What you need to do. Starting with the line that has "- Specific heat" and finishing with the line that has "Las luces parpadean", set down each line below exactly. Pictures are not copied.

Data extract.
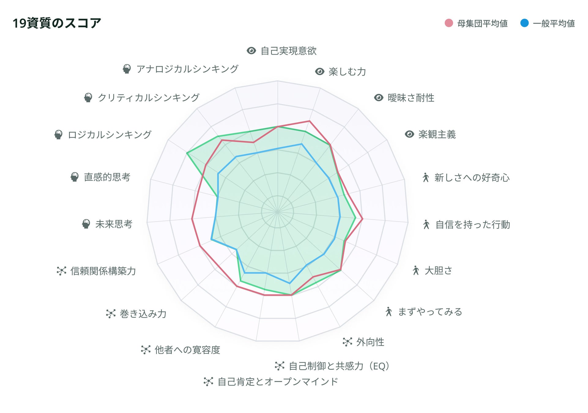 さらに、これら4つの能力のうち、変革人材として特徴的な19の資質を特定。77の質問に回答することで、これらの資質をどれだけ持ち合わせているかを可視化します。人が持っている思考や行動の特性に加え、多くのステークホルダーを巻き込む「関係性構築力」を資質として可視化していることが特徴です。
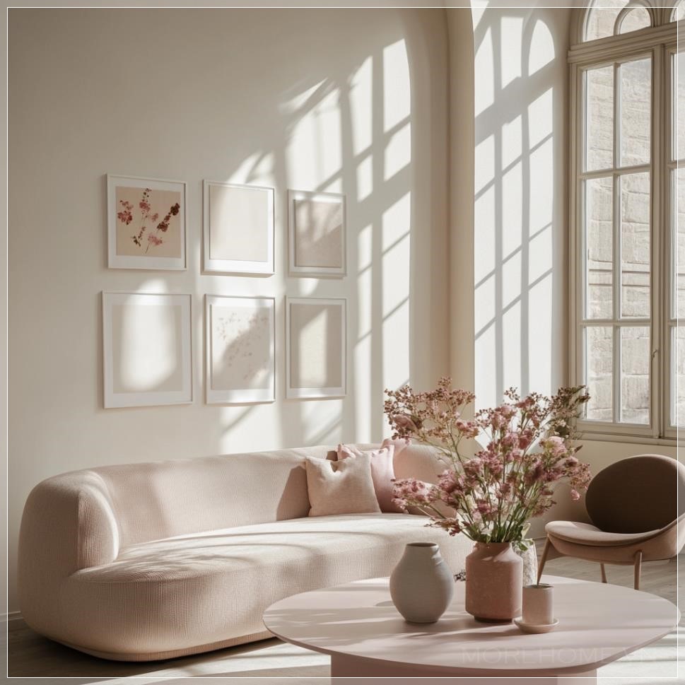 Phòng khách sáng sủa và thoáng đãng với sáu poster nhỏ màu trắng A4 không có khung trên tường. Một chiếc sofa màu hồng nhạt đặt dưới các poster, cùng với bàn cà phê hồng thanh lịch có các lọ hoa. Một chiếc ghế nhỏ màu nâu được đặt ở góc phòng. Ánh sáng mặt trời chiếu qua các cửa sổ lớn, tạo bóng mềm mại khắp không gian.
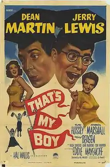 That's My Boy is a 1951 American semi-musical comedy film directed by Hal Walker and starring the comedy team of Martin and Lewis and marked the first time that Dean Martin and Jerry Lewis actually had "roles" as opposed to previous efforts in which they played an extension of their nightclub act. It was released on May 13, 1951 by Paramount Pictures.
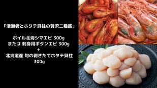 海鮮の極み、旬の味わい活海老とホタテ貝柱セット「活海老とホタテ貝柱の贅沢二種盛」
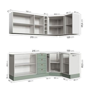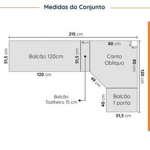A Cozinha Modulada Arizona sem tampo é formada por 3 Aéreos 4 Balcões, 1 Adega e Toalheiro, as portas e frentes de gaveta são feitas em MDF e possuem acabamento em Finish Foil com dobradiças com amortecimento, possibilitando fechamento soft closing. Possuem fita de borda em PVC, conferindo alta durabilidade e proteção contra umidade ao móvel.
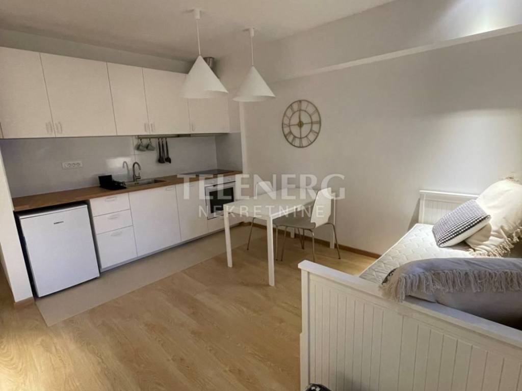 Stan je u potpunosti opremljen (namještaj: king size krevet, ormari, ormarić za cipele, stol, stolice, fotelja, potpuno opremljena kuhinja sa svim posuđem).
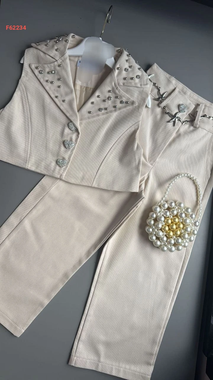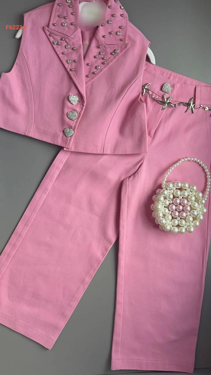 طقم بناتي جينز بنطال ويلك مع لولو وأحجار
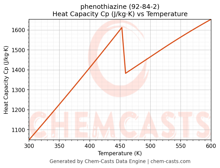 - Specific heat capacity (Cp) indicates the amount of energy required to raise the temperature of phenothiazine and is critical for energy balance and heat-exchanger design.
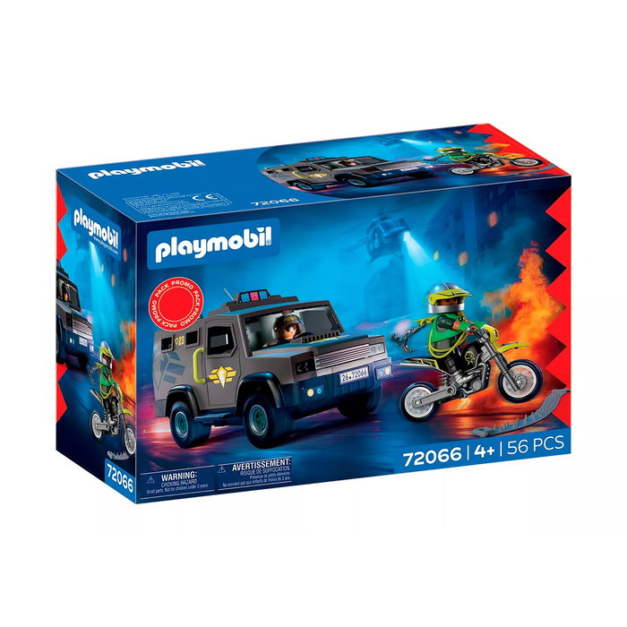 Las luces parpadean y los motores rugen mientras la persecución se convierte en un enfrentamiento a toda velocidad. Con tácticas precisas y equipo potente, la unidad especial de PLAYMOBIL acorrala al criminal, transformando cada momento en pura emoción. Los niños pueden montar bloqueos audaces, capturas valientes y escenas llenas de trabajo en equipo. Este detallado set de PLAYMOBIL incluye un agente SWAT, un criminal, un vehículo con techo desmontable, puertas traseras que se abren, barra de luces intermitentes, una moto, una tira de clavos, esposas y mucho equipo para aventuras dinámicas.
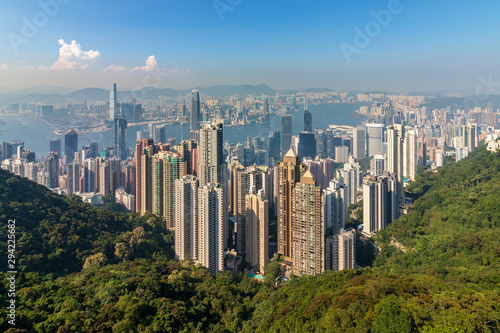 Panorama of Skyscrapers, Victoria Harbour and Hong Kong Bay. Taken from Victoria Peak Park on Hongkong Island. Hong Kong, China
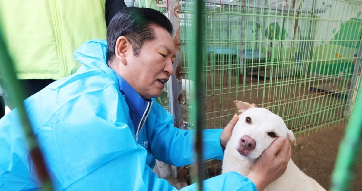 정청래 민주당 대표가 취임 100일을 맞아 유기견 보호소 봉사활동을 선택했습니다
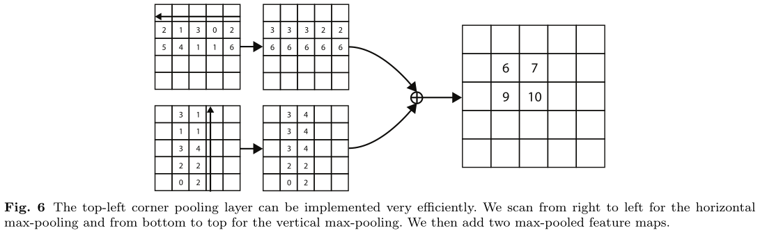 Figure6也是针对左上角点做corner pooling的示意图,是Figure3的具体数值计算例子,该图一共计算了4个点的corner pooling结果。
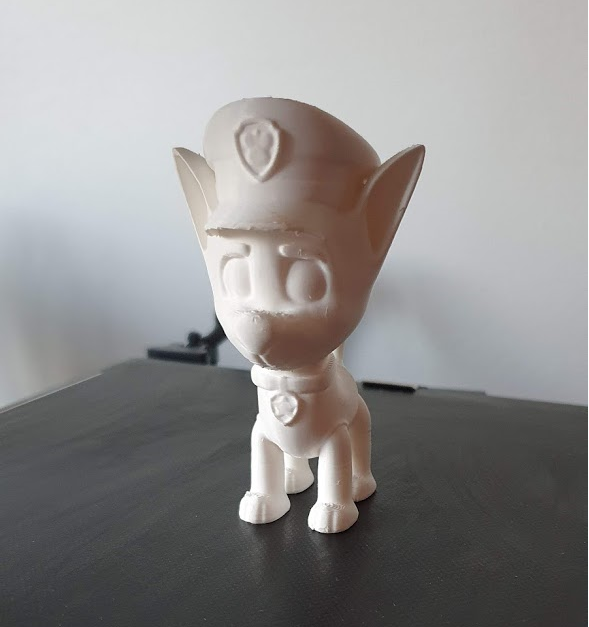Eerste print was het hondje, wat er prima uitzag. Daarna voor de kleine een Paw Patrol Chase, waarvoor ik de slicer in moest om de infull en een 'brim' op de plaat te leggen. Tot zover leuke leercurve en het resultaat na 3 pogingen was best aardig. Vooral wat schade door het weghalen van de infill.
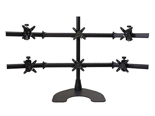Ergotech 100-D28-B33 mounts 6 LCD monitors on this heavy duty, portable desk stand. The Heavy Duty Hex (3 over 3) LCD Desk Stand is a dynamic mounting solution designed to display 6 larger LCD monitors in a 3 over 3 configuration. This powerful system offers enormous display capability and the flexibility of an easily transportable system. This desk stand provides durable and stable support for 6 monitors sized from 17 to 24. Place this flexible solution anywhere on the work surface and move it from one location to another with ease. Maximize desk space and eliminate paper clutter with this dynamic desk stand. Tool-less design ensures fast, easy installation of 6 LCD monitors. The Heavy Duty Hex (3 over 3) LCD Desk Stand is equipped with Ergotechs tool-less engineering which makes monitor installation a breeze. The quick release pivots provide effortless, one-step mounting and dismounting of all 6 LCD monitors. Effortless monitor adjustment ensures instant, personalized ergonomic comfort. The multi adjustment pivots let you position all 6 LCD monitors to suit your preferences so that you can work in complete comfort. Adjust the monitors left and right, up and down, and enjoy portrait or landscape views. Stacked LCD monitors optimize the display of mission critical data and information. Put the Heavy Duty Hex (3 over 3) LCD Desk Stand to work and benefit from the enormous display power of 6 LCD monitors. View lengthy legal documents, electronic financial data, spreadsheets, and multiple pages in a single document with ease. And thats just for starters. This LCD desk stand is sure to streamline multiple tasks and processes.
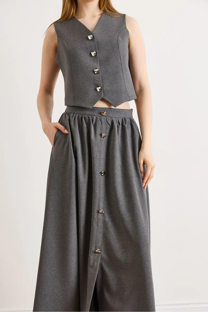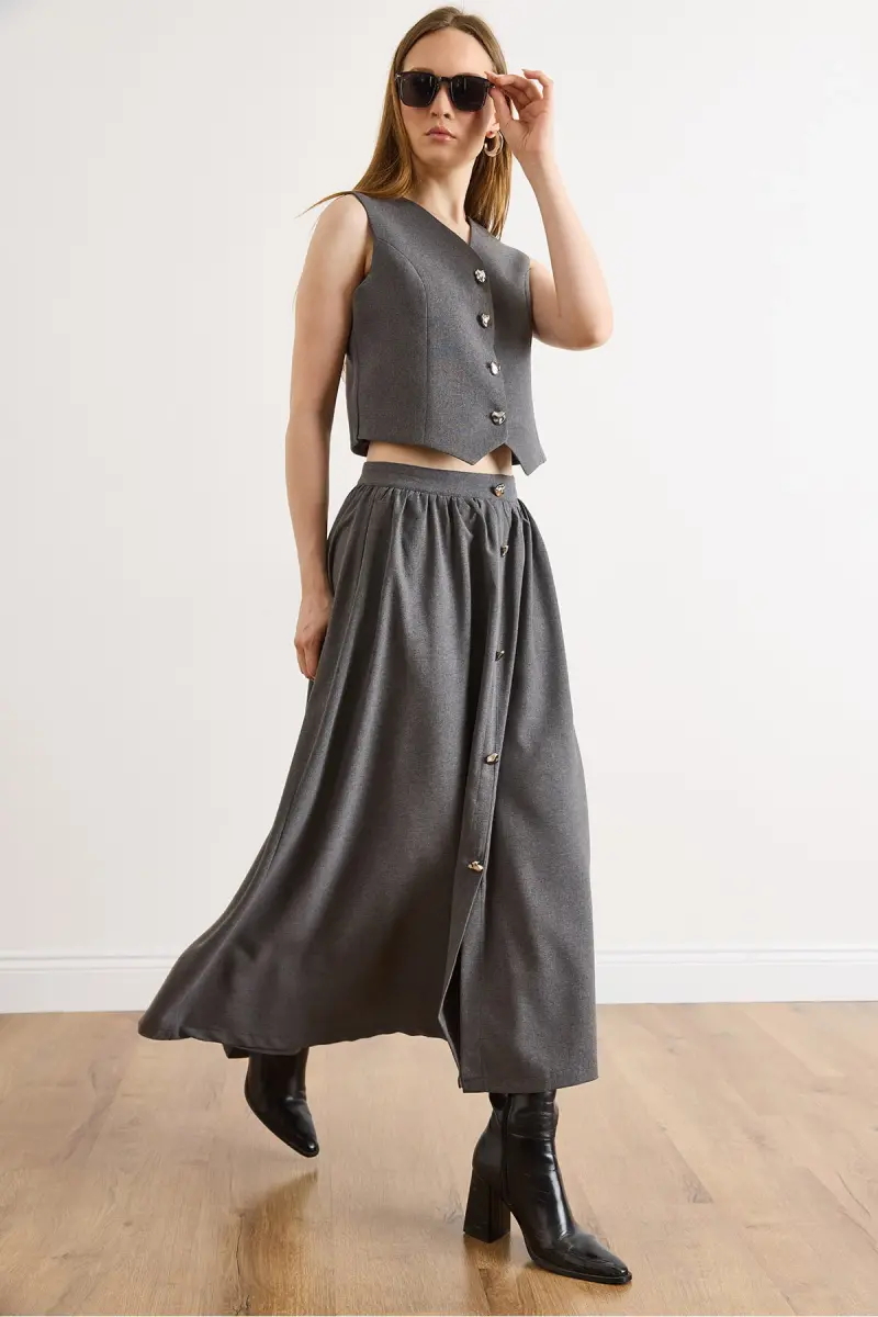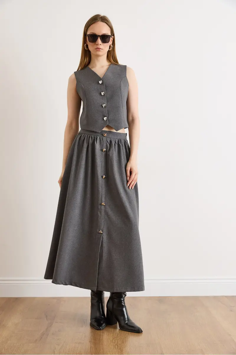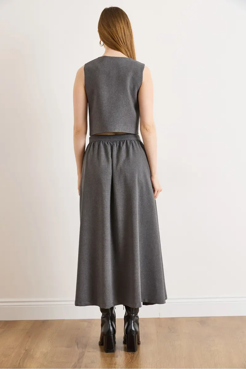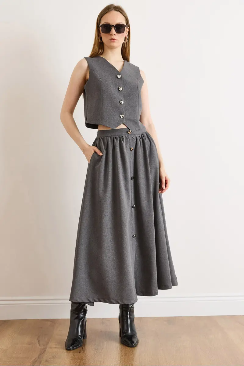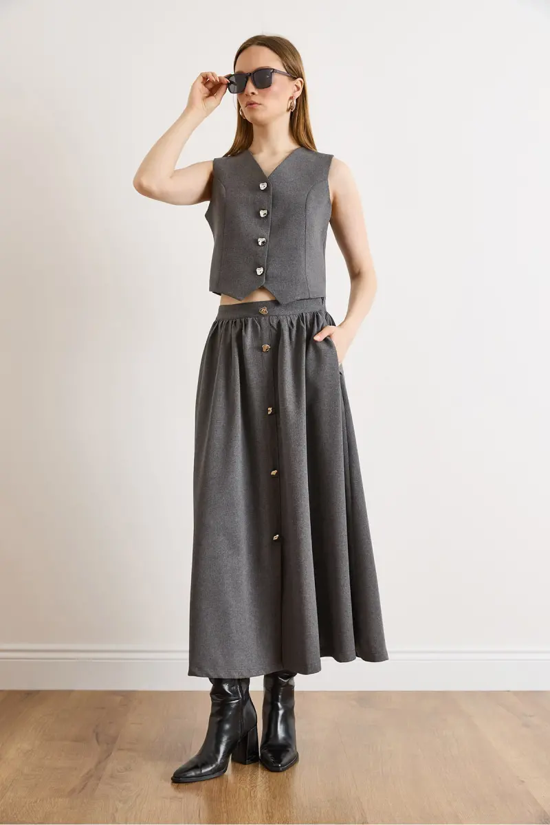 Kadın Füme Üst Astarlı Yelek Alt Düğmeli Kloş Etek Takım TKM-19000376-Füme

Problem solution.
 - Specific heat capacity (Cp) indicates the amount of energy required to raise the temperature of phenothiazine and is critical for energy balance and heat-exchanger design.
 Las luces parpadean y los motores rugen mientras la persecución se convierte en un enfrentamiento a toda velocidad. Con tácticas precisas y equipo potente, la unidad especial de PLAYMOBIL acorrala al criminal, transformando cada momento en pura emoción. Los niños pueden montar bloqueos audaces, capturas valientes y escenas llenas de trabajo en equipo. Este detallado set de PLAYMOBIL incluye un agente SWAT, un criminal, un vehículo con techo desmontable, puertas traseras que se abren, barra de luces intermitentes, una moto, una tira de clavos, esposas y mucho equipo para aventuras dinámicas.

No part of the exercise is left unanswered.